Брат еп. Андрея Алексей предпочитал называть «приверженцев синодального исповедания» не цезаропапистами, а «мелхитами»: «нельзя более точно их обозначить, если уж приискивать что-либо соответственное им в древней церковной истории. Мелхиты упоминаются в церковных книгах, в Кормчей, как особые еретики. Каптерев доказывает, что это никто иной, а именно та часть православных, которая… опиралась всецело на Византийский Двор, действовала поддержкою Двора и в воззрениях своих имела критерием то, как смотрит император и двор[35]. Мне кажется, что все это и составляет самую характерную черту синодских, что у них основной критерий: чего требует и как смотрит начальство. Не эти ли мотивчики звучали, когда восточные милостынесобиратели и российские Илларионы Рязанские, Питиримы Нижегородские поднимали проклятие, огонь и меч против древлего благочестия? Не та же ли музыка звучала, когда Феодосий Яновский, Феофан Прокопович и т.п. обожествляли «Майестат [Величество (императорское)]» и продавали Христа? Да не та же ли музыка играет и сейчас, не ей ли принадлежит главная «партия», когда звездоносные монополисты Благодати из синодских заседателей решают какое-нибудь дело? Слово «мелхит» производится от еврейского «мелх» – царь»[36].

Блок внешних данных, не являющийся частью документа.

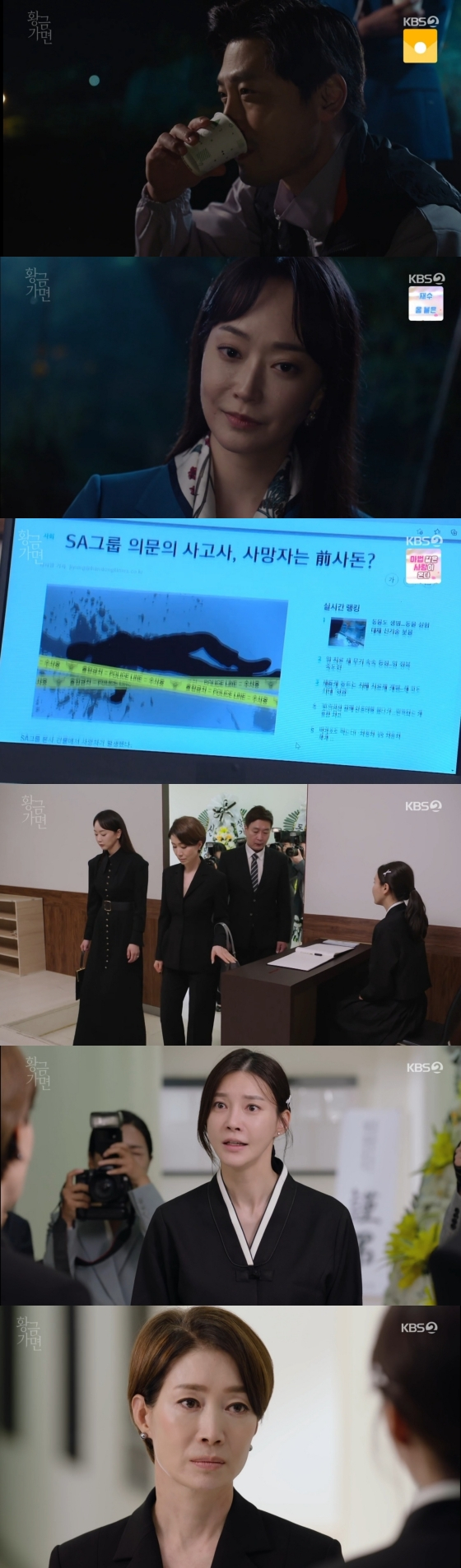 15일 오후 방송된 KBS 2TV 일일드라마 '황금 가면'에서는 부친 유대성(전인택 분)의 죽음에 의문을 갖는 유수연(차예련 분)의 모습이 담겼다.

Всеобъемлющая зависимость духовенства от Ведомства православного исповедания и иных государственных органов калечила духовную жизнь, плодила клир, жаждущий должностей, кормящийся от правительства и стоящий в рабской зависимости от него. Клирики были вынуждены искать дополнительные доходы, позволяющие обеспечить приемлемый уровень благосостояния, что, разумеется, отвлекало их от непосредственных обязанностей руководства паствой. Не менее важно, что общение пастырей со своими прихожанами вне храма резко ограничивалось. Священник не жил одной судьбой с паствой, был чужд ее насущным проблемам. Он оказался в подчинении у полицейского исправника и в материальной зависимости от помещика. Всякие попытки обустройства общественной жизни прихода вызывали сопротивление властей, как огня боявшихся любой формы организации народной массы.

Так оценивал состояние церковно-общественной жизни православия еп. Андрей и, чтобы еще более выпукло показать трагичность положения, обращался к примеру старообрядчества: «Почему, действительно, наши раскольники несравненно устойчивее и сильнее в культурном отношении? Именно потому, что раскольники живут приходскою самоопределяющейся общиною, а наша деревня влачит свое существование только по распоряжению начальства. Раскольническую общину объединяет любимый храм или часовня, а нашу православную деревню объединяла до последнего времени казенная винная лавка, а теперь[37], кажется, объединяющим началом остался один местный полицейский стражник»[38].

Сознание царящего зла и невозможности противодействия ему гасило активность духовенства, порождало безразличие к нуждам паствы и не могло не влечь за собой равнодушия к выполнению своих прямых богослужебных обязанностей. Служба сокращалась, комкалась, теряла свою притягательную и воспитывающую силу. Происходило «обезверивание» (выражение еп. Андрея) прихожан и падение авторитета клира. Духовная жизнь в рамках официального православия не удовлетворяла верующих, и тем самым усиливалась тяга к старообрядчеству и сектантству.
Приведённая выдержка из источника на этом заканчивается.